> [Exercise goal] No pictures, everything else exact: set down the entries in full.

> [Information provided]

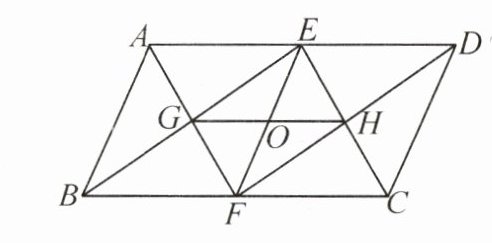 答案:4.AB//CD,且AB = CD. 理由如下:因为EF = 2OE,GH = 2OG,所以OE = OF,OG = OH. 所以四边形EGFH是平行四边形. 所以GF//HE,即AF//CE. 因为AD//BC,所以AE//CF. 所以四边形AFCE为平行四边形. 所以AE = CF. 同理,得DE = BF. 所以AE + DE = CF + BF,即AD = BC. 所以四边形ABCD为平行四边形. 所以AB//CD,且AB = CD.
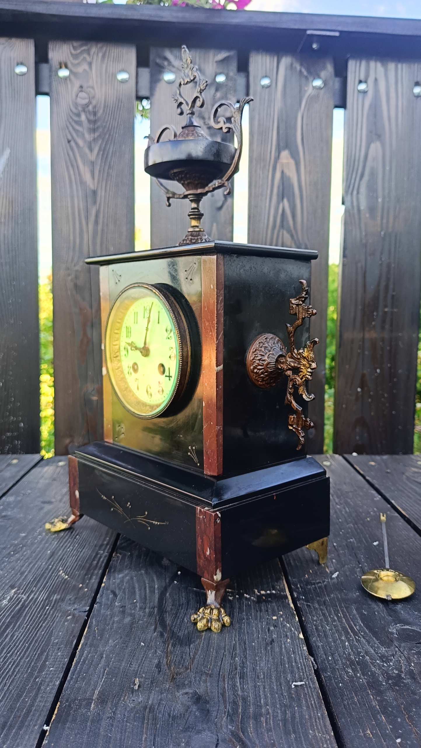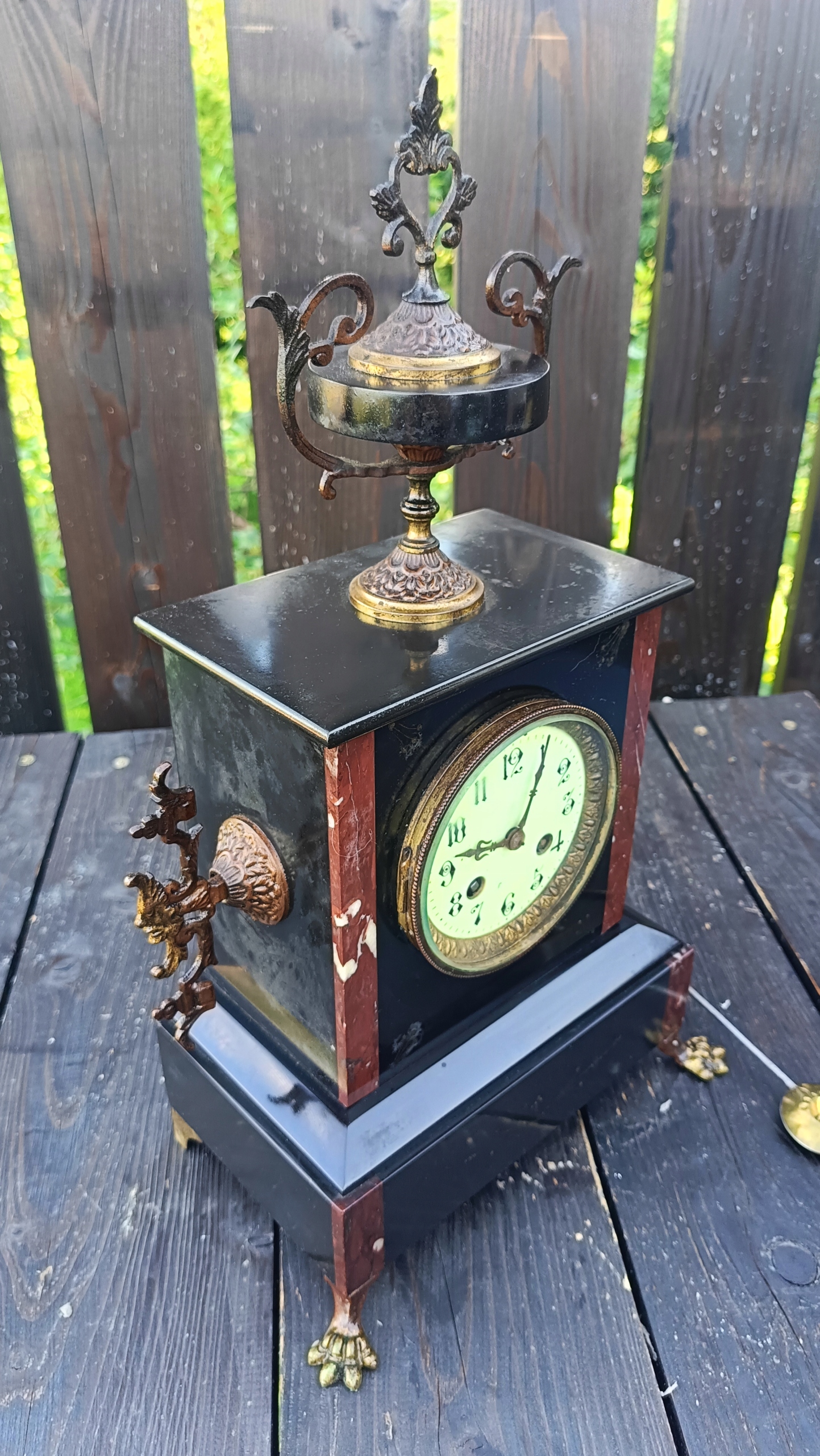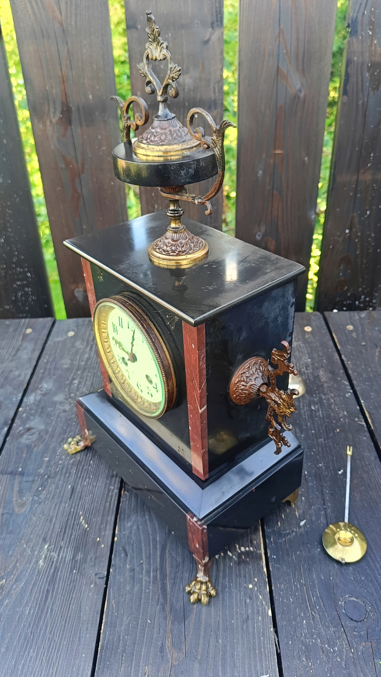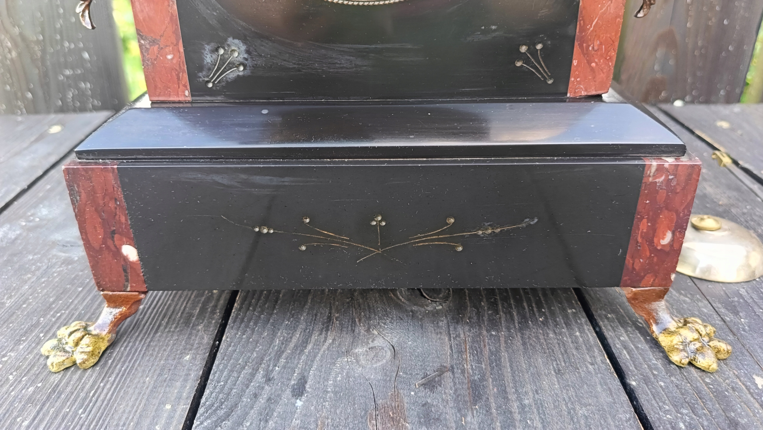 годинник, виготовлений з бронзи та мармуру з глибоким чорним кольором з вставками з червоного мармуру.
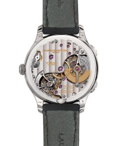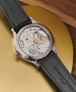 The outer ring, finished in satin-brushed slate grey, enhances the floating effect of the globe, complemented by drop-shaped indices that extend beyond the dial’s edge. Designed for globetrotters, this timepiece features a dual time zone function. Two perfectly symmetrical pushers on the left side of the case allow for effortless hour adjustments without affecting the minute hand. The date display at 3 o’clock updates automatically at midnight when crossing time zones, while the 24-hour reference time at 9 o’clock ensures an intuitive day-night distinction.
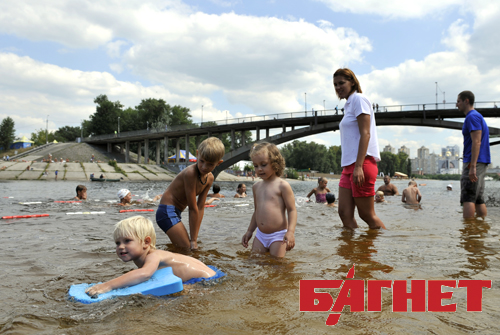 Яна с Денисом поплавать в Днепре так и не решились, а зашли в воду лишь по колено. Зато детишки резвились на славу.
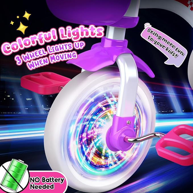 - 🌟【Colorful Lighting Design】: Light up the night, double the fun for your kids! No batteries required, simply spin the wheels to glow. These dazzling lights add an extra layer of excitement to every ride, also improve visibility and increase safety of night rides. Our toddler tricycle is the ideal toys for ages 2-4 kids.
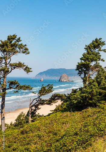 Wall mural vertical image - green trees frame view of haystack rock and cannon beach in oregon
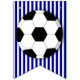 Alternating with the birthday boys age against a red and navy blue and white striped background is a single graphic of a black and white football and the birthday boys age
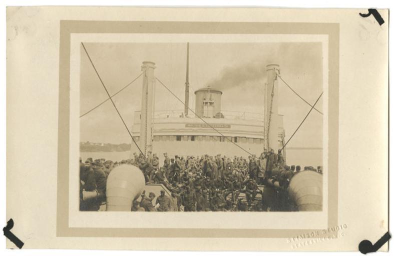 | Keywords: armistice day armisticeday library of virginia libraryofvirginia world war i worldwari military hospitals militaryhospitals u.s. army usarmy toul, france toulfrance on the boat ontheboat coming home cominghome benjamin alston stimson benjaminalstonstimson 1918 1919 uss walter a. luckenbach usswalteraluckenbach medic soldier great war greatwar transport ship steam ship steamship luckenbach steamship company luckenbachsteamshipcompany seattle construction and dry dock company seattleconstructionanddrydockcompany id-3171 id3171 smoke stimson studio stimsonstudio steam ships steamships base hospital #45 basehospital45 u.s. army base hospital no. 45 usarmybasehospitalno45 steamer cargo ship cargoship ss walter a. luckenbach sswalteraluckenbach walter a. luckenbach walteraluckenbach luckenbach seattle contruction and drydock company seattlecontructionanddrydockcompany seattle dry dock & shipbuilding company seattledrydockshipbuildingcompany united states navy unitedstatesnavy us navy usnavy usn uss walter a. luckenbach (id-3171) usswalteraluckenbachid3171 troopship troop transport trooptransport new orleans coal and bisso towboat company neworleanscoalandbissotowboatcompany ss a.l. bisso ssalbisso a.l. bisso albisso ss mardin ssmardin mardin marsa ithalat-ithracat marsaithalatithracat Title: On the boat, coming home  Creator:  Stimson, Benjamin Alston  Date: 1918  Notes: Part of an album containing 134 photographs and 47 postcards relating to U.S. Army Base Hospital No. 45 (Medical College of Virginia unit), Toul, France, in World War I.  Call No: P & P C1:81  Rights Info:   No known restrictions on publication.  Repository:   Library of Virginia, Special Collections, Prints and Photographs, 800 E. Broad St., Richmond, VA, 23219, USA. Contact: 804-692-3703. Title: On the boat, coming home  Creator:  Stimson, Benjamin Alston  Date: 1918  Notes: Part of an album containing 134 photographs and 47 postcards relating to U.S. Army Base Hospital No. 45 (Medical College of Virginia unit), Toul, France, in World War I.  Call No: P & P C1:81  Rights Info:   No known restrictions on publication.  Repository:   Library of Virginia, Special Collections, Prints and Photographs, 800 E. Broad St., Richmond, VA, 23219, USA. Contact: 804-692-3703. |
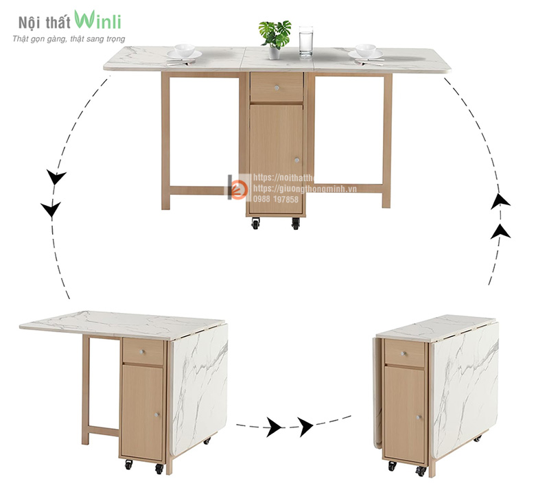 Xem thêm: Bàn ăn thông minh gấp gọn màu trắng giả vân đá cực sang

> [Exercise response]
 答案:4.AB//CD,且AB = CD. 理由如下:因为EF = 2OE,GH = 2OG,所以OE = OF,OG = OH. 所以四边形EGFH是平行四边形. 所以GF//HE,即AF//CE. 因为AD//BC,所以AE//CF. 所以四边形AFCE为平行四边形. 所以AE = CF. 同理,得DE = BF. 所以AE + DE = CF + BF,即AD = BC. 所以四边形ABCD为平行四边形. 所以AB//CD,且AB = CD.
 годинник, виготовлений з бронзи та мармуру з глибоким чорним кольором з вставками з червоного мармуру.
 The outer ring, finished in satin-brushed slate grey, enhances the floating effect of the globe, complemented by drop-shaped indices that extend beyond the dial’s edge. Designed for globetrotters, this timepiece features a dual time zone function. Two perfectly symmetrical pushers on the left side of the case allow for effortless hour adjustments without affecting the minute hand. The date display at 3 o’clock updates automatically at midnight when crossing time zones, while the 24-hour reference time at 9 o’clock ensures an intuitive day-night distinction.
 Яна с Денисом поплавать в Днепре так и не решились, а зашли в воду лишь по колено. Зато детишки резвились на славу.
 - 🌟【Colorful Lighting Design】: Light up the night, double the fun for your kids! No batteries required, simply spin the wheels to glow. These dazzling lights add an extra layer of excitement to every ride, also improve visibility and increase safety of night rides. Our toddler tricycle is the ideal toys for ages 2-4 kids.
 Wall mural vertical image - green trees frame view of haystack rock and cannon beach in oregon
 Alternating with the birthday boys age against a red and navy blue and white striped background is a single graphic of a black and white football and the birthday boys age
 | Keywords: armistice day armisticeday library of virginia libraryofvirginia world war i worldwari military hospitals militaryhospitals u.s. army usarmy toul, france toulfrance on the boat ontheboat coming home cominghome benjamin alston stimson benjaminalstonstimson 1918 1919 uss walter a. luckenbach usswalteraluckenbach medic soldier great war greatwar transport ship steam ship steamship luckenbach steamship company luckenbachsteamshipcompany seattle construction and dry dock company seattleconstructionanddrydockcompany id-3171 id3171 smoke stimson studio stimsonstudio steam ships steamships base hospital #45 basehospital45 u.s. army base hospital no. 45 usarmybasehospitalno45 steamer cargo ship cargoship ss walter a. luckenbach sswalteraluckenbach walter a. luckenbach walteraluckenbach luckenbach seattle contruction and drydock company seattlecontructionanddrydockcompany seattle dry dock & shipbuilding company seattledrydockshipbuildingcompany united states navy unitedstatesnavy us navy usnavy usn uss walter a. luckenbach (id-3171) usswalteraluckenbachid3171 troopship troop transport trooptransport new orleans coal and bisso towboat company neworleanscoalandbissotowboatcompany ss a.l. bisso ssalbisso a.l. bisso albisso ss mardin ssmardin mardin marsa ithalat-ithracat marsaithalatithracat Title: On the boat, coming home  Creator:  Stimson, Benjamin Alston  Date: 1918  Notes: Part of an album containing 134 photographs and 47 postcards relating to U.S. Army Base Hospital No. 45 (Medical College of Virginia unit), Toul, France, in World War I.  Call No: P & P C1:81  Rights Info:   No known restrictions on publication.  Repository:   Library of Virginia, Special Collections, Prints and Photographs, 800 E. Broad St., Richmond, VA, 23219, USA. Contact: 804-692-3703. Title: On the boat, coming home  Creator:  Stimson, Benjamin Alston  Date: 1918  Notes: Part of an album containing 134 photographs and 47 postcards relating to U.S. Army Base Hospital No. 45 (Medical College of Virginia unit), Toul, France, in World War I.  Call No: P & P C1:81  Rights Info:   No known restrictions on publication.  Repository:   Library of Virginia, Special Collections, Prints and Photographs, 800 E. Broad St., Richmond, VA, 23219, USA. Contact: 804-692-3703. |
 Xem thêm: Bàn ăn thông minh gấp gọn màu trắng giả vân đá cực sang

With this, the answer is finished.